Einem Ratsbeschluss folgend wird die Gemeinde neue Konzentrationsflächen für Windkraft ausweisen. Und um den Sorgen der Bürger zu begegnen, hat sie früh im Verfahren zu einer Bürgerinformation eingeladen. Gut 70 Personen waren gekommen.

Sascha Gehm vom Unternehmen VDH stellte die Methodik sowie die Ergebnisse der Grob- und Feinuntersuchung vor. Wie bereits berichtet, liegt eine Fläche nordöstlich von Stockheim, wo es schon zwei Windräder gibt (A), weitere nördlich der Drover Heide (B), nördlich von Thum (C), südöstlich von Thum (D), westlich von Thum (E), zwischen Obermaubach und Leversbach (F) sowie zwischen Üdingen, Drove und Boich (G). Die Flächen A, D und E stuft Gehm als geeignet ein, da dort mehrere Räder gebaut werden könnten. Bei Stockheim gibt es eine Höhenbeschränkung wegen des Fliegerhorstes.

Was die Fläche E bei Thum anbelangt, könnte man mit der Nachbarkommune Nideggen zusammenarbeiten, erläuterte Bauderzenent Siegfried Schmühl. Die Anwohner und ein Landwirt äußerten sachlich ihre Sorgen über Lärm und Schattenschlag. Als Kritiker bemängelten, dass das Verfahren schon recht weit sei, erläuterte Schmühl, dass man im ersten Verfahrensschritt sei und dass die Bürger sowohl jetzt, als auch bei der Offenlage im Frühjahr die Möglichkeit hätten Stellungnahmen einzureichen.
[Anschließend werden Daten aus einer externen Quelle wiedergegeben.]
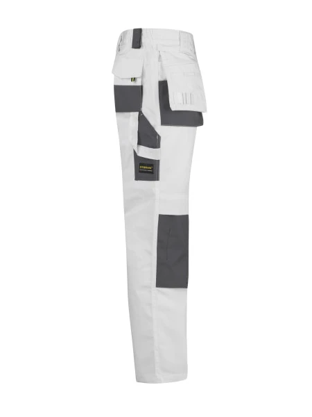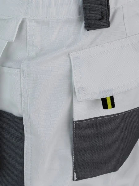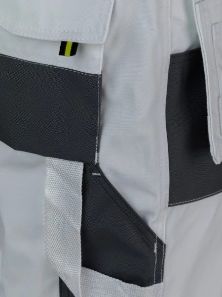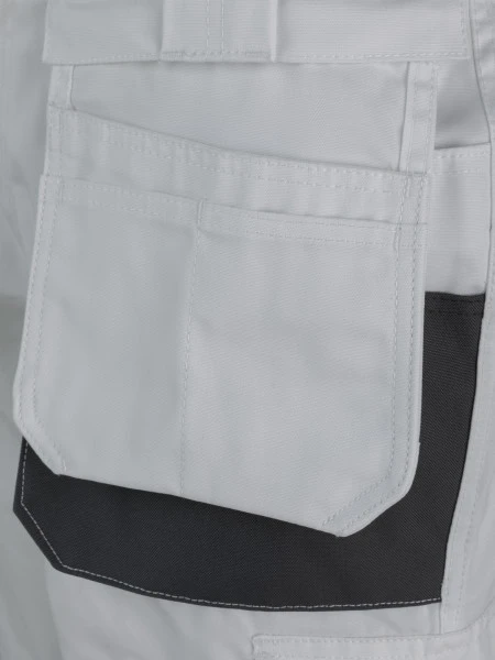 De broek heeft ook verschillende zakken, namelijk twee open en twee met klittenband afsluitbare heupzakken, twee klittenband kontzakken en een duimstokzak. En op beide knieën zitten verstevigde kniezakken voor kniekussens en de broek heeft ook twee afritsbare workerzakken met open zakken en pennenzakken- en houders

Hans-Willi Schruff, Geschäftsführer der Rea, erläuterte Modelle der Bürgerbeteiligung. Er machte aber auch deutlich, dass Bürgerwindanlagen, für die der Betreiber jährlich etwa 10000 Euro Personalkosten einkalkulieren muss, nur an Standorten sinnvoll sind, an denen die Anlagen sehr gute Windbedingungen haben. Und die Bedingungen seien umso besser, je höher ein Windrad sei.

Schmühl verdeutlichte auf kritische Nachfrage, dass RWE laut Konzessionsvertrag verpflichtet sei, eine Einspeisung zu ermöglichen. Schruf erläuterte, dass keine langen Leitungen bis zum Umspannwerk gebaut werden müssten.